401 PP2A-B55α dephosphorylates desmoplakin's C-terminus to regulate cell adhesion

Critical for the maintenance of epidermal stability and function are attachments between intermediate filaments (IF) and intercellular junctions called desmosomes. The desmosomal cytoplasmic plaque protein desmoplakin (DP) is essential for anchoring IF to the junction. DP-IF interactions are regulated by a phospho-regulatory motif within the DP C-terminus.

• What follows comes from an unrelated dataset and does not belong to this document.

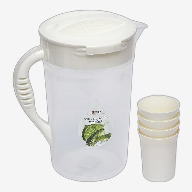 - Комплект для подачі напоїв: великий пластиковий глечик об'ємом 2,5 л і 4 стакани по 200 мл. Зручно для вечірок, пікніків і щоденного використання — все необхідне в одному наборі. Пластик безпечний для харчових продуктів, не б'ється.
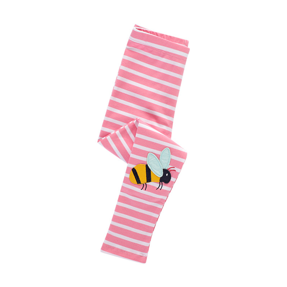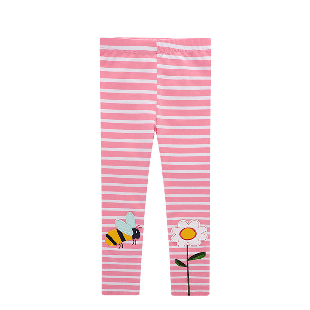 【BT060】韓版刺繡條紋蜜蜂花彈力長褲(1色)

Previously we showed that hypo-phosphorylated DP increased DP-IF interaction strength, impairing desmosome formation due to DP retention on IF, but generated stronger, more stable desmosomes in mature cell sheets. Thus, DP’s phospho-regulation provides a mechanism to finely tune junction assembly dynamics and intercellular adhesion strength. Our group identified GSK3b as capable of phosphorylating DP’s C-terminus; however, the phosphatase responsible for DP’s dephosphorylation was unknown. Protein phosphatase 2A (PP2A) comprises a scaffolding subunit (A), a catalytic subunit (C), and one of 23 different regulatory subunits (B) responsible for binding PP2A substrates. Here, we identify the PP2A-B55a holoenzyme as capable of dephosphorylating DP’s C-terminus. Using co-immunoprecipitation and colocalization analysis we demonstrate B55a as a new DP binding partner in keratinocytes and uncover a novel DP-dependent membrane-bound fraction of B55a in both 2D- and 3D- epidermal models. Furthermore, we show that PP2A-B55a activity increases tissue integrity in a manner similar to expression of a hypo-phosphorylated DP variant, S2849G DP. Finally, PP2A signaling is required for proper DP recruitment during desmosome assembly in vitro and in vivo in embryonic epidermis of B55a-deficient mice. Together, our data uncovers a potential mechanism for PP2A-B55a’s regulation of the DP-IF association and intercellular adhesion in the epidermis.